[Defense] Extensible Graph Analytics for Large-scale Data Science
Tuesday, April 5, 2022
11:45 am - 12:45 pm
will defend her proposal
Extensible Graph Analytics for Large-scale Data Science
Graph analytics require specialized storage and algorithms, setting them apart from machine learning. Currently, the best approaches to analyze “big graphs” either work completely in main memory or they require building so-called graph engines. SQL-based solutions are somewhere in between: they are not as comprehensive as memory-based solutions (in terms of breadth of graph problems) and they are competitive with graph engines (slightly slower in some problems).
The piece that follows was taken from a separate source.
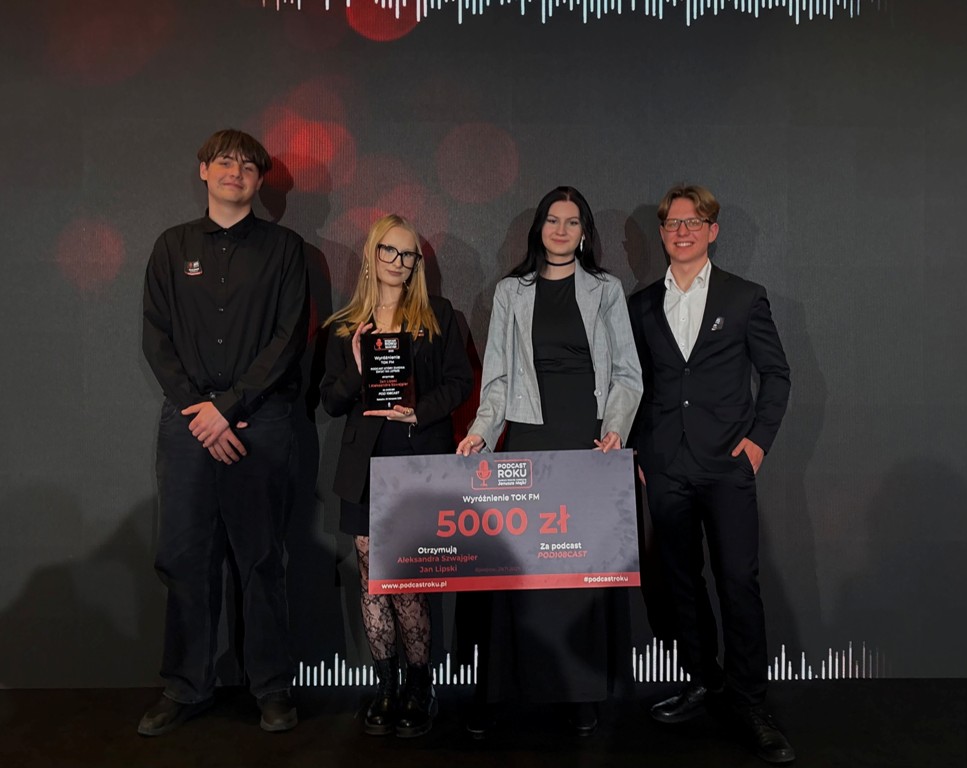 W Andrzejkowy wieczór 29 listopada w Rzeszowie Ola Szwajgier z kl. IV d, Janek Lipski z kl. III a, Paulina Mazurek z kl. III a i Karol Żelazek z kl. III d uczestniczyli w gali rozdania nagród w ramach konkursu „PODCAST ROKU” imienia redaktora Janusza Majki.
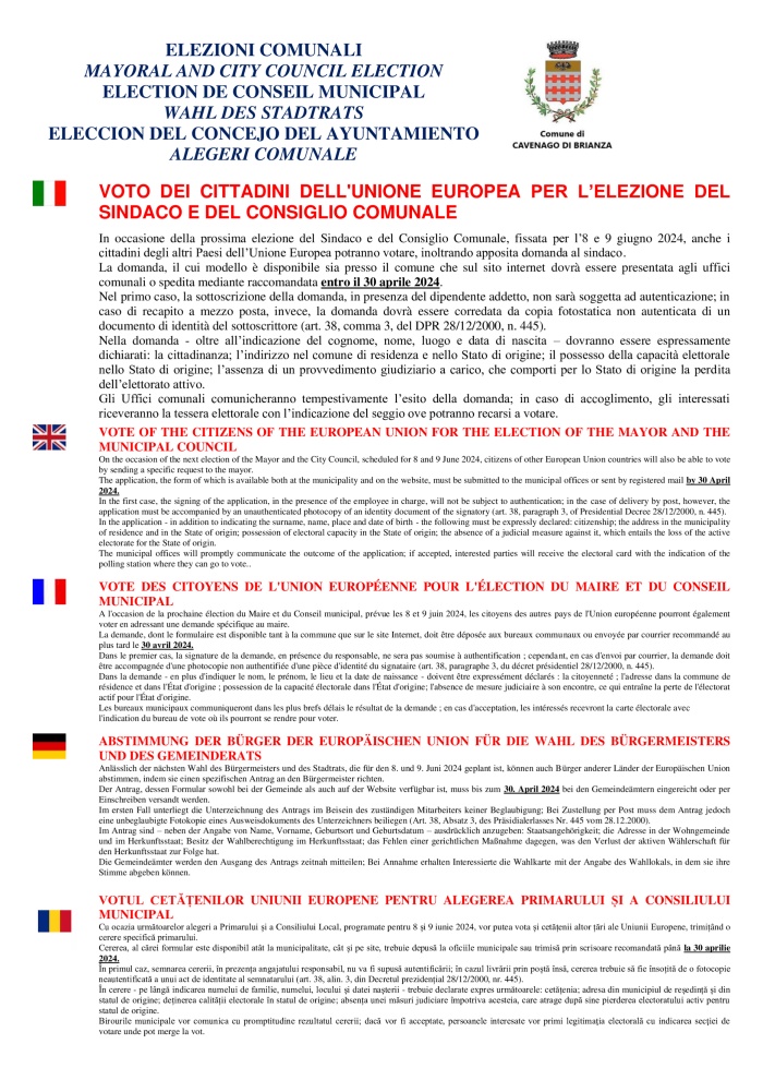 I cittadini di uno Stato dell’Unione Europea residenti in Italia che intendono esercitare il diritto di voto in occasione delle elezioni comunali previste per il mese di giugno 2024 devono presentare al sindaco del Comune italiano di residenza la domanda per l’iscrizione nell’apposita lista elettorale aggiunta, relativa a tali consultazioni - istituita presso il Comune stesso - entro il 30 aprile 2024.

We first propose optimized SQL algorithms to analyze complicated graphs metrics such as triangle, betweenness centrality, and diameter on distributed DBMSs. Then, we develop a general C++ function based on a semiring algorithm. The function can help solve many graph problems. It also works for graphs that cannot fit in the main memory. The function is developed in C++, but it can be easily called in Python. Finally, we explore a fourth, but natural, alternative: studying how to program graph algorithms within the Python ecosystem, but following database system principles. We thereby present a solution inspired by previous research on analyzing graphs with SQL queries. Our solution is based on a general semiring operator, which allows easy programming of several graph algorithms by swapping functions. We study how to optimize our operator as a primitive query, treating Python functions as basic database operators. Even though our solution cannot compete with graph engines to analyze massive graphs, it can be an acceptable solution to analyze graphs in an average computer today, without main memory limitations. Moreover, we expect our solution to become more viable as hardware gets faster/cheaper and Python becomes more popular.
11:45AM - 1:45PM CT
Dr. Carlos Ordonez, dissertation advisor
Faculty, students and the general public are invited.